Apart from the pictures, which must be omitted, restate the data exactly.

※

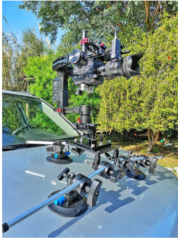
(SHOWN WITH OPTIONAL ACCESSORIES)

Warranty: We offer one year warranty for our products from date of purchase. Within this period of time, we will repair it without charge for labor or parts. Warranty doesn't cover transportation costs nor does it cover a product subjected to misuse or accidental damage. Warranty repairs are subjected to inspection and evaluation by us.
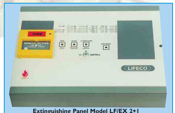
Extinguishing Panel Model LF/EX 2+1
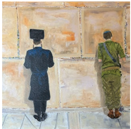
Prayer for Peace
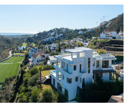
Коммунальные: 600 EUR / год
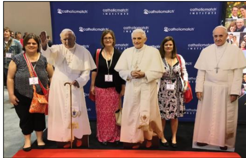
Teachers visiting with the Popes at NCEA Convention (below)
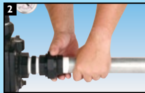
2. Connect new pipe to pump.
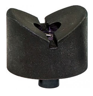
W08042 BuildPro Ball Lock Bolt
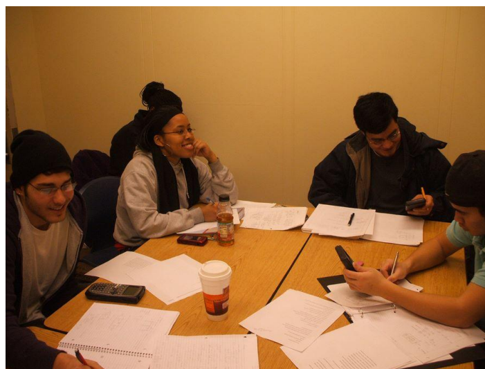
Figure 4: ECE Students Getting Help from the Tutor

The tutor room is a very fun and rewarding experience. Below are some photos of students in the tutor room.
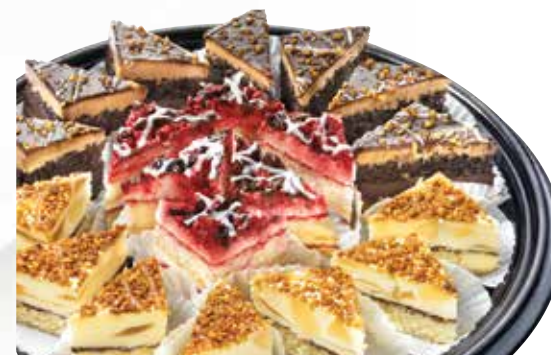
62 STATE OF THE ART An assortment of exquisite cakes: 7 pieces of chocolate and hazelnut crunch, 7 pieces of pear and caramel, and 6 pieces of vanilla and raspberry. 10 to 12 people
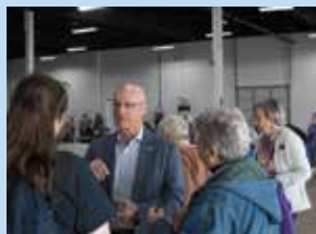
Thank you to all who attended my annual Senior Fair at the Greater Valley Forge Expo Center in Oaks! This year almost 300 attendees received information on services and programs in our region.
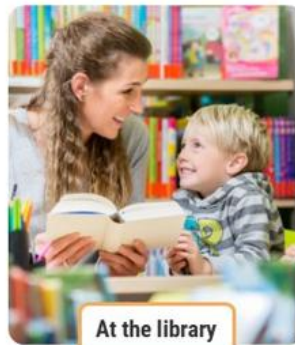
At the library
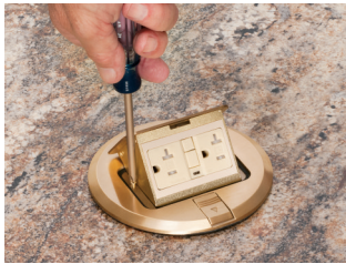
4 Install trapdoor coverplate to box using the two #6-32 screws provided. Round cover hides miscut openings
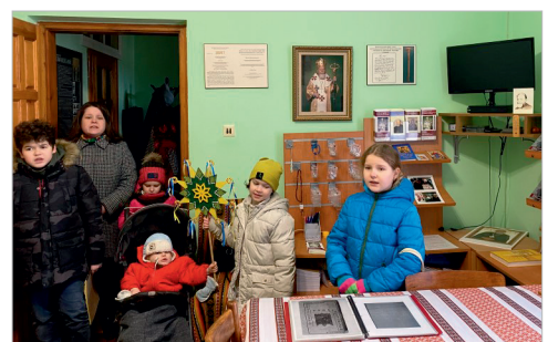
Young carolers bring greetings to the Museum/Apartment in Lviv
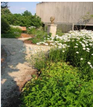
EMILY DICKINSON GARDEN AT THE BETTENDORF PUBLIC LIBRARY

The public library has been historically a vital instrument of democracy and opportunity in the United States.... Our history has been greatly shaped by people who read their way to opportunity and achievements in public libraries. — Arthur Meier SCHLESINGER (1888-1965)
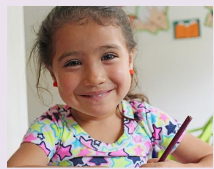
This picture comes from the worldwide programme work of SOS Children's Villages and serves to illustrate the day care centre in Spain.

※

Response to the exercise →
(SHOWN WITH OPTIONAL ACCESSORIES)

Warranty: We offer one year warranty for our products from date of purchase. Within this period of time, we will repair it without charge for labor or parts. Warranty doesn't cover transportation costs nor does it cover a product subjected to misuse or accidental damage. Warranty repairs are subjected to inspection and evaluation by us.
Extinguishing Panel Model LF/EX 2+1
Prayer for Peace
Коммунальные: 600 EUR / год
Teachers visiting with the Popes at NCEA Convention (below)
2. Connect new pipe to pump.
W08042 BuildPro Ball Lock Bolt
Figure 4: ECE Students Getting Help from the Tutor

The tutor room is a very fun and rewarding experience. Below are some photos of students in the tutor room.
62 STATE OF THE ART An assortment of exquisite cakes: 7 pieces of chocolate and hazelnut crunch, 7 pieces of pear and caramel, and 6 pieces of vanilla and raspberry. 10 to 12 people
Thank you to all who attended my annual Senior Fair at the Greater Valley Forge Expo Center in Oaks! This year almost 300 attendees received information on services and programs in our region.
At the library
4 Install trapdoor coverplate to box using the two #6-32 screws provided. Round cover hides miscut openings
Young carolers bring greetings to the Museum/Apartment in Lviv
EMILY DICKINSON GARDEN AT THE BETTENDORF PUBLIC LIBRARY

The public library has been historically a vital instrument of democracy and opportunity in the United States.... Our history has been greatly shaped by people who read their way to opportunity and achievements in public libraries. — Arthur Meier SCHLESINGER (1888-1965)
This picture comes from the worldwide programme work of SOS Children's Villages and serves to illustrate the day care centre in Spain.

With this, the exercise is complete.